Yes, we all wish there was such a magic wand. In truth however there are solutions provided you are willing to address the issue. It’s a bit like giving up smoking. You have to have the will to tackle the problem. Increasing income may be difficult but sometimes there are opportunities which we overlook. For example, can we take in a paying lodger? Can we change our work shift from say days to nights or weekends? Can we take on a second perhaps part-time job?

What about the spending side of things? Do we need a car? Could we make do with public transport? Can we cut back on socialising, entertaining, smoking, retail therapy or holidays?

Only one way to find out – make a list! Or, rather, make a number of lists. The first list will go on a blank page entitled ‘INCOME’. On this page, we will jot down all sources of income. If married or co-habiting the income items will include the income of our spouse or partner. Let’s call this page ‘HOUSEHOLD INCOME’.   Let’s not forget housing benefits, child benefits, child maintenance payments coming in, pensions, interest from investments, from dividends and from tips.

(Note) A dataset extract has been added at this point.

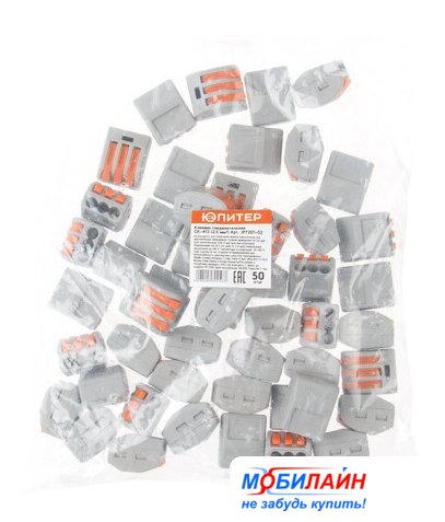 ном. напряжение 380 В, ном. ток 32 А, корпус: полиэтилен, соединение: пружинный зажим, 4 точки, сечение одножильных проводников 0.1-2.5 кв.мм, сечение многожильных проводников 0.08-4 кв.мм, 50 шт. в наборе, цвет: белый/оранжевый

The second list will be entitled ‘SPENDING’ or ‘EXPENDITURE’. The items on this page will start with the essentials for living: shelter, food & drink, clothing, water, heat & light, transport. These are expenses we simply must pay to be able to live. So the first item should be the biggest, the mortgage or rent. Housekeeping covers a multitude but food and drink are essential for life, let alone living! And so we go on, listing every item on which we spend money regularly (every day, week and month) or intermittently (e.g. once a year, such as TV licence, car insurance or road tax). We need to itemize the list in as detailed a way as possible, ensuring we put the amount of expenditure against each item.

Next, we add up the totals for ‘HOUSEHOLD INCOME’ and ‘EXPENDITURE’. Now let’s compare our totals and calculate the difference or Disposable Income. Let’s hope that there is sufficient Disposable Income to make the contractual payments on all loans, credit cards, store cards and overdrafts. If the answer is yes, then we have joy! If the answer is no, we have misery, at least for the time being. What can we do about it? Well, if we cannot increase income we must try to reduce expenditure. Let’s look at each item and see where we can cut back. If we are still in negative territory after making all the cutbacks that we can then we must find a new solution. We may be insolvent. It may be time to seek third party advice to identify solutions.

Solutions may include negotiations with creditors or entering a debt management plan, or obtaining a debt relief order, or entering into an individual voluntary arrangement or even petitioning for bankruptcy. There may be other possible solutions such as selling an asset such as a house or obtaining financial assistance from a relative or family friend. All these options can be explored with help from organisations such as CAB or Stepchange or from one of the many excellent fee-charging commercial insolvency advice firms out there. The important thing is to do something because misery will not go away on its own.